### EXERCISE REQUIREMENTS
Nothing but the lines from the one holding "Long Sleeve Organic" to the final line of the listing below, both included, should be repeated, and each must match exactly. Omit pictures.

### SOURCE DATA
——————
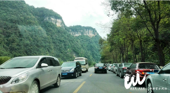 今年十一期間武陵源公路上停滿自駕車
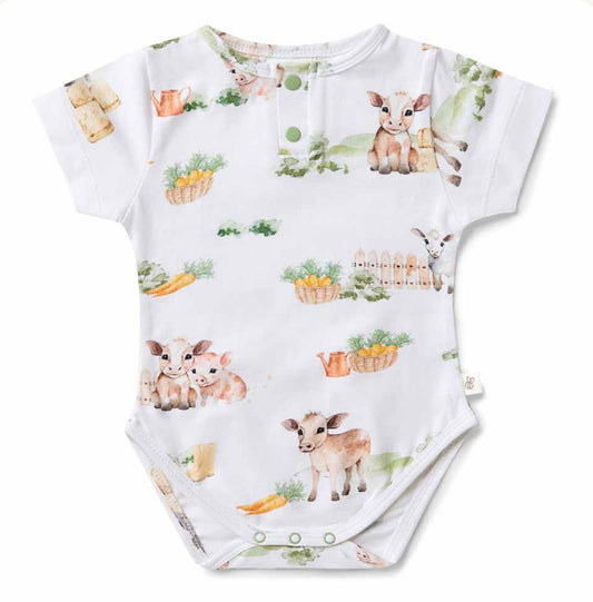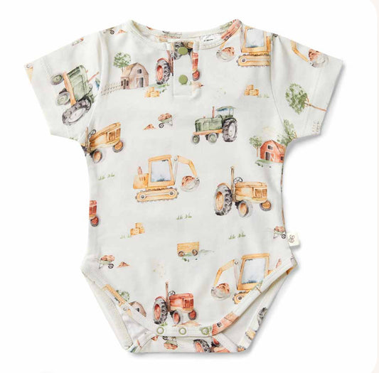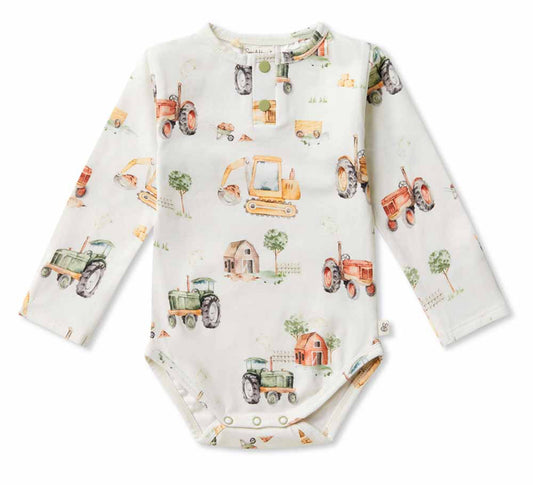 Long Sleeve Organic Bodysuit - Diggers & Tractors
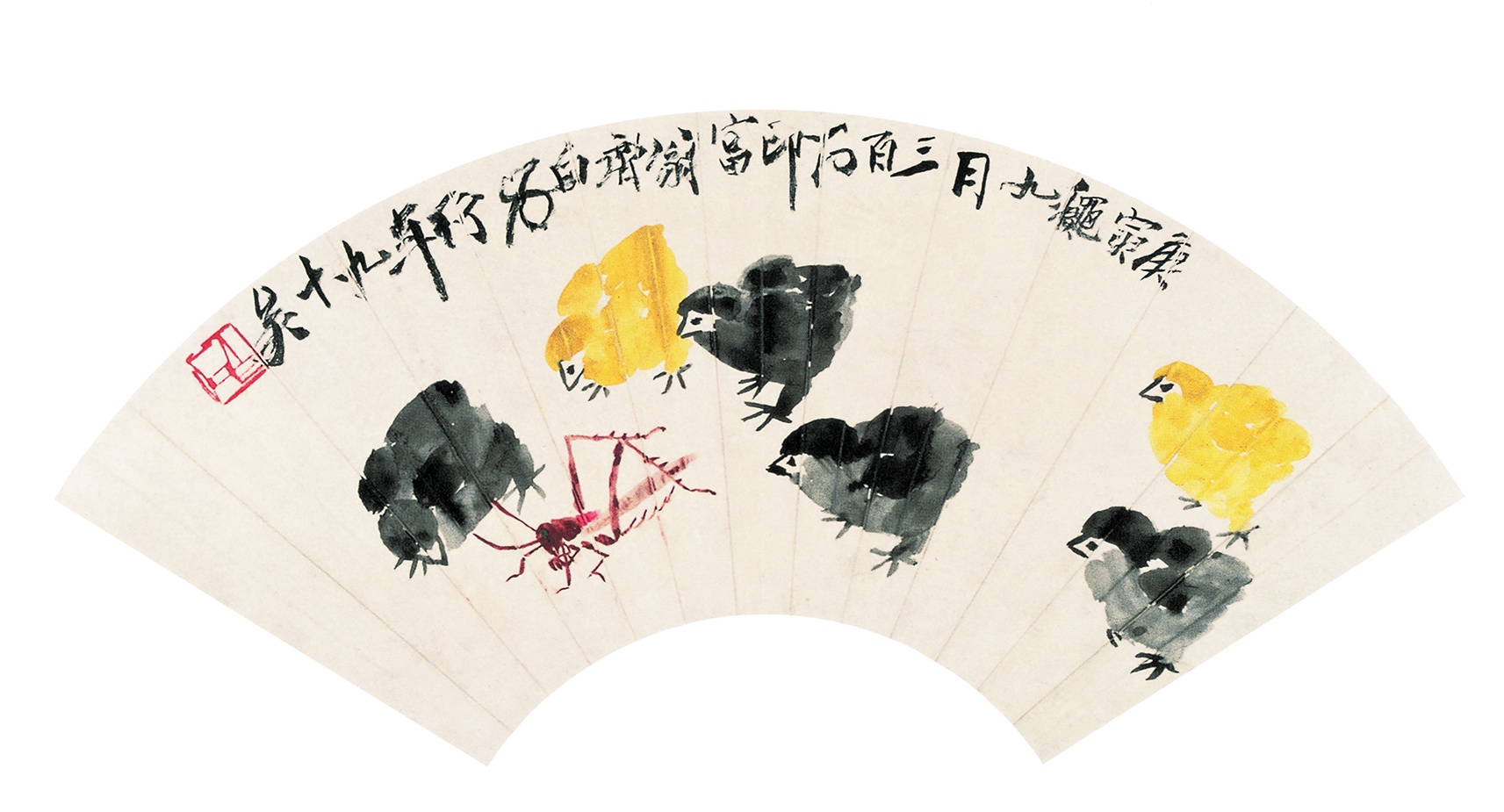 四三 雛鷄草蟲(扇面) 一九五〇年 縱二〇厘米 横五六厘米
——————
### ANSWER FOR THIS EXERCISE
 Long Sleeve Organic Bodysuit - Diggers & Tractors
 四三 雛鷄草蟲(扇面) 一九五〇年 縱二〇厘米 横五六厘米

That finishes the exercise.